Я умолчал — да и как было сказать — о том, что у нас не хватит денег, чтобы возместить убытки и четвертой части всех покупателей. Мы разоримся за сутки.
— Так, ты сказал — не только комод. А что еще? Сколько вещей ты продал?
— Не знаю.
— Не знаешь?!
— Ну нет, знаю, просто я…
— Тео, ради бога! — Ну вот, он разозлился, теперь полегче. — Прекрати! Не ври мне.
— Ну… я все сделки проводил вчерную. Наличкой. То есть ты бы и не узнал ничего, даже если б проверил бухгалтерию…
— Тео. Не заставляй меня повторять вопрос. Сколько вещей ты продал?
— Ой, — я вздохнул, — с десяток? Кажется, — прибавил я, когда увидел, как остолбенел Хоби.
По правде сказать, продал я в три раза больше, но я-то знал — большинство обманутых мной покупателей или такие невежды, что в жизни не отличат подделку, или такие богачи, что им будет просто наплевать.
— Господи боже, Тео, — выдавил Хоби, ошарашенно помолчав. — С десяток? Но не за такие же деньги? Не как Аффлека?
— Нет, нет, — поспешно ответил я (хотя, по правде сказать, кое-что я продал, например, раза в два дороже). — Я не продавал ничего нашим постоянным клиентам.
Хоть тут я не соврал.
— А кому?
— Ну, народу с Западного побережья. Киношникам, технарям. Кое-кому с Уолл-стрит, но — молодняку только, знаешь — хеджевикам. Богатеньким и безголовым.
— Список покупателей у тебя есть?
— Ну, прямо чтоб списка — нету, но…
— Ты можешь с ними связаться?
— Ну, понимаешь, это все непросто, потому что… — Те покупатели, которые верили, что откопали в магазине настоящий шератон по бросовой цене, и, думая, что надули меня, спешили смыться с подделкой, меня вовсе не волновали. Тут уж работало старое правило — caveat, мол, emptor[54]. Я им никогда не говорил, что мебель подлинная. Волновали меня те люди, которым фальшивку я продал намеренно, те, кому я намеренно солгал.
— Записей ты не делал?
— Нет.
— Но хоть что-то ты знаешь. Можешь на них выйти?
— Ну типа того.
— «Типа того». Я не понимаю, это как?
— Есть квитанции — адреса доставки. Можно что-то выцепить.

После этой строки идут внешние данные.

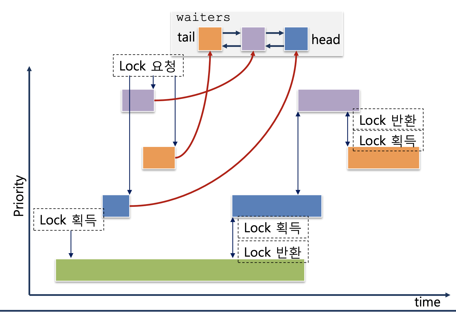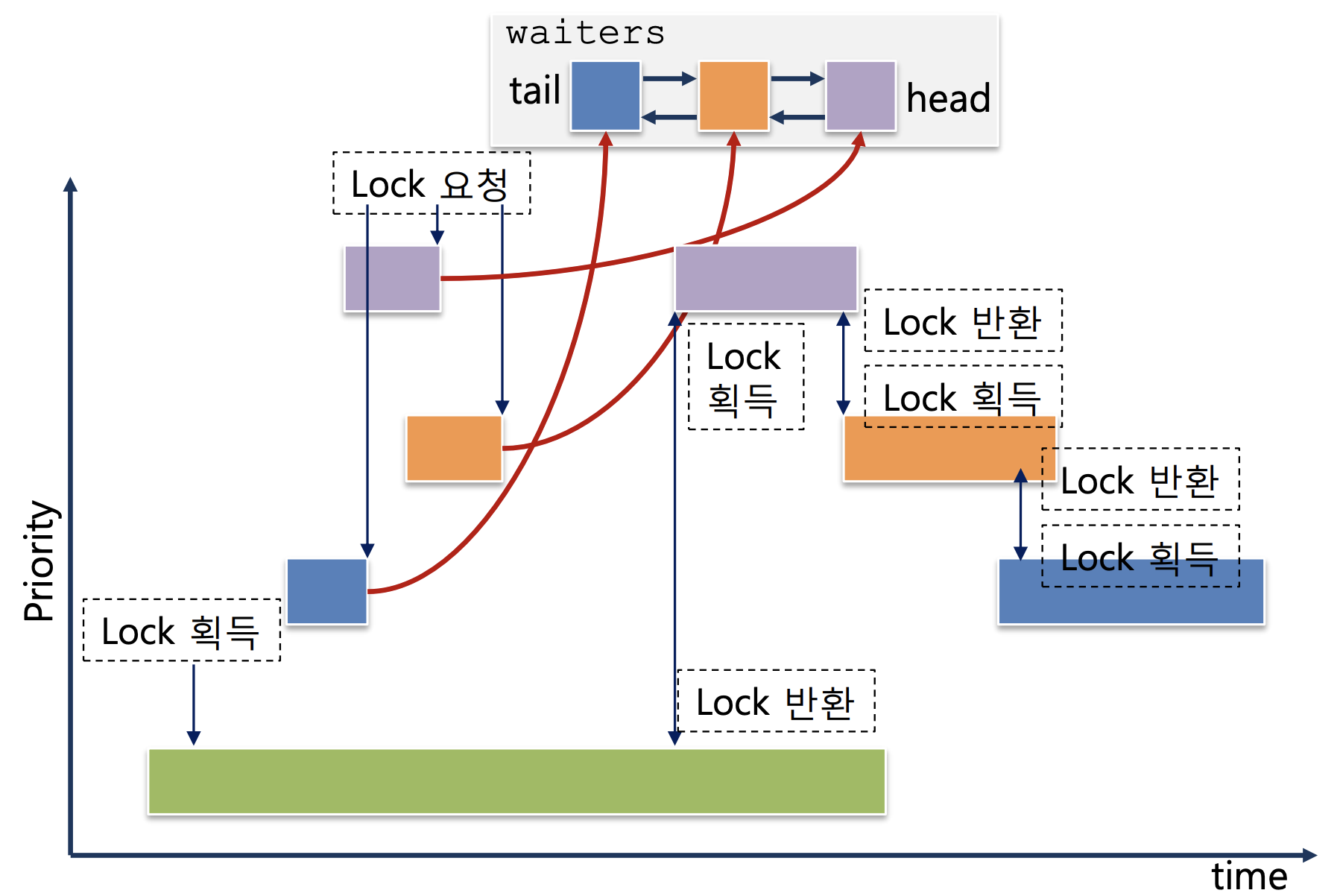 공통 부분부터 보자. 가장 아래 연두색 블록이 처음 lock을 받는다. 연두색 블록이 들어오는 시점을 기준으로는 이외에 어떤 블록도 없기 때문이다. 이후에 들어온 파란색 블록이 lock을 요청한다. 이때까지만 해도 waiters에는 동일하다. 이제 그 다음 블록인 연보라 블록부터 상황이 달라지는데, 왼쪽의 FIFO에서는 우선순위를 전혀 고려하지 않으니 자연스럽게 head 블록인 파란색 다음으로 연보라가 온다. 하지만 오른쪽 이미지에서는 Priority를 고려하기 때문에 head 블록으로 연보라가 오고 파란색 블록은 tail로 밀려난다. 그 다음 역시 왼쪽은 무조건 tail에 붙고 오른쪽에서는 우선순위를 고려해 적절한 위치를 찾아간다. 어디서 많이 보지 않았나? 바로 과제 1.2에서 썼던 list_insert_ordered()가 여기서도 쓰일 것이라는 게 보인다.
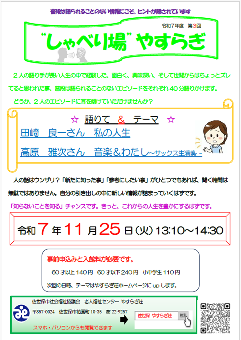 しゃべり場“やすらぎ” 第3回を11/25(火)に開催します

— У нас хватит денег, чтоб все это выкупить?
— Ну-у…
— Хватит? Да или нет?
— Хммм, — ну никак я не мог сказать ему правду — НЕТ, — ну, с натяжкой.
Хоби потер глаза.
— Ну, с натяжкой или нет, а выкупать все придется. Выбора у нас нет. Затянем пояса потуже. Пусть какое-то время несладко придется, пусть с налогами задолжаем. Ведь, — продолжил он, пока я все глядел на него, — нельзя же позволять, чтоб эти вещи все так и продолжали считать подлинниками. Господи боже, — он недоверчиво потряс головой, — да как ты это вообще провернул? Подделки-то даже некачественные! Я, бывало, такие материалы брал… да все, что под руку попадется… залеплю кое-как и ладно…
— Вообще-то…
Сказать по правде, работы Хоби были так хороши, что на удочку попались и вполне опытные коллекционеры, хотя об этом, наверное, сейчас говорить не стоит…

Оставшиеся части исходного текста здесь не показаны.